I wonder how other forum contributors feel about the importance of the pressure applied in the tamp?

I can agree that theoretically the tamp needs to be the same from shot to shot in the interests of uniformity, but is the actual pressure applied really that important?

My own view is that the major purpose of the tamp must be to ensure uniform progress of the water in the puck, and to eliminate or at least minimise channels that water can flow through more easily and quickly. So the tamp makes the coffee into a solid plug, and also seals the edges against the sides of the basket.

But once that is done, and I presume that 30 lbs of pressure can do that more than adequately, does any increase or variance in the pressure actually change anything? Surely once the solid plug is formed - at whatever pressure - any increase in the pressure applied (unless it is absolutely tremendous) is going to have no difference to the density of the plug?

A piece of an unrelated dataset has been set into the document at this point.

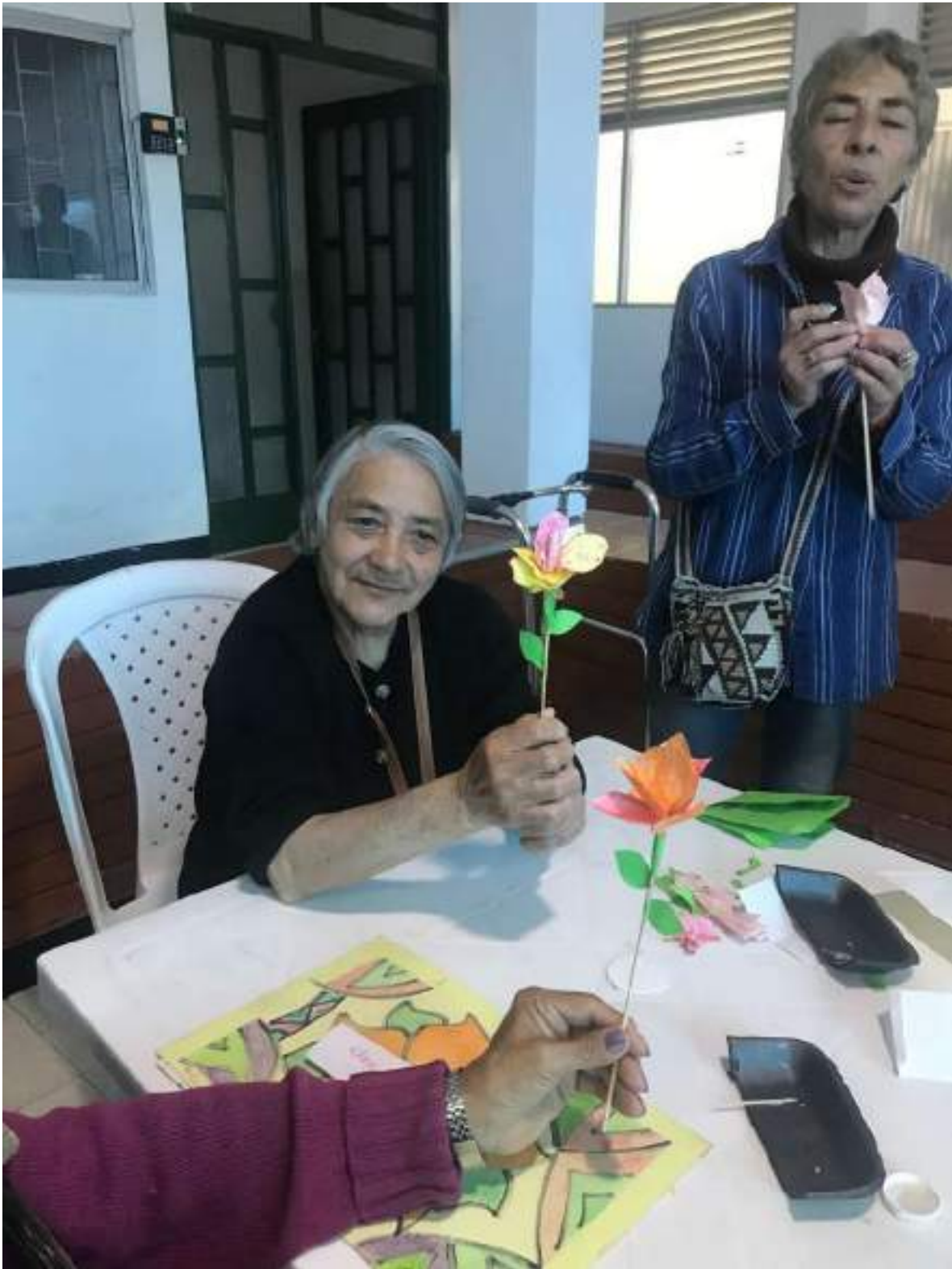
AGOSTO 16 DE 2024- TALLER DE TRAZOS TERAPEUTICOS

I look at it this way - if I take a bucket of sand and put a piece of wood on top of it and compress it by standing on it, it's going to make no difference to the density of the sand if two, or even three, people stand on top of it. It would take a power press to make any substantial difference. If this premise is true, then uniformity of tamp - provided a sealed plug is formed - becomes one of the most unimportant factors in making consistent coffee.

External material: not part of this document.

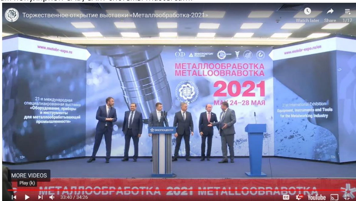
Церемония открытия выставки «Металлообработка-2021» в Москве.

Группа компаний «ЦОЛЛА» участвует более 12 лет подряд в этом смотре современного оборудования, инновационного инструмента и передовых технологий цифровизации и автоматизации производства, в том числе CAD/CAM-систем. «Металлообработка - 2021» – успешная попытка возвращения к привычной «нормальности», первая «живая» выставка во время непомерно затянувшейся и осточертевшей всем пандемии COVID-19. Конечно, удивляло полное отсутствие масок, но радовало счастливое выражение на лицах давно не встречавшихся клиентов и экспонентов. На ажиотажный спрос в нынешних условиях никто, разумеется, и не мог рассчитывать, но вновь напомнить о себе и предъять «городу и миру» свои новые решения и достижения наверняка удалось большинству экспонентов, в том числе и нам – поставщикам популярной CAD/CAM-системы Mastercam.

This is of interest to me because I've just moved from an Espro (which gives some guarantee of uniformity) to a conventional tamper, where presumably I'm getting more chance of variance between shots, but I've found no effect on either flow rate or quality of successive shots.

Anyone else got any views on this?


----------



## Eyedee (Sep 13, 2010)

Because you have just moved from the Espro you have an awareness of the required tamp pressure. You will also have "muscle memory" embedded in your brain from using the Espro, it's a bit like learning to play music, things happen sub-consciously because the muscles have been trained.

Ian


----------



## DavidS (Apr 8, 2010)

Tamping has always seemed like the least important part to me... Way over rated sometimes. How coarse the coffee is and how much will make the largest difference.

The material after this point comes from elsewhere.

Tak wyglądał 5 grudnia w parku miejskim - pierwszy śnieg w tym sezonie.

I've tested this, same coarsnes, one tamped the other not, and the un-tamped one was at most about 3 seconds quicker. The pour on the un-tamped was very messy compared to the tamped one though.


----------



## Glenn (Jun 14, 2008)

I find tension-restricted tampers great for consistency in a busy environment with a high turnover of staff where uniformity is hard to otherwise achieve.

However, given that a standard tamper offers flexibility this is my preferred option.

I don't subscribe to the theory that 1 tamp pressure fits all scenarios and vary my tamp depending on contributing factors that i would like to control.

Grind size has a large part to play and to offer true compaction some form of vibration may be required, not often achieved uniformly and may lead to channeling

The forming a plug with a standardised density (for an even extraction) fits the scenario portrayed above


----------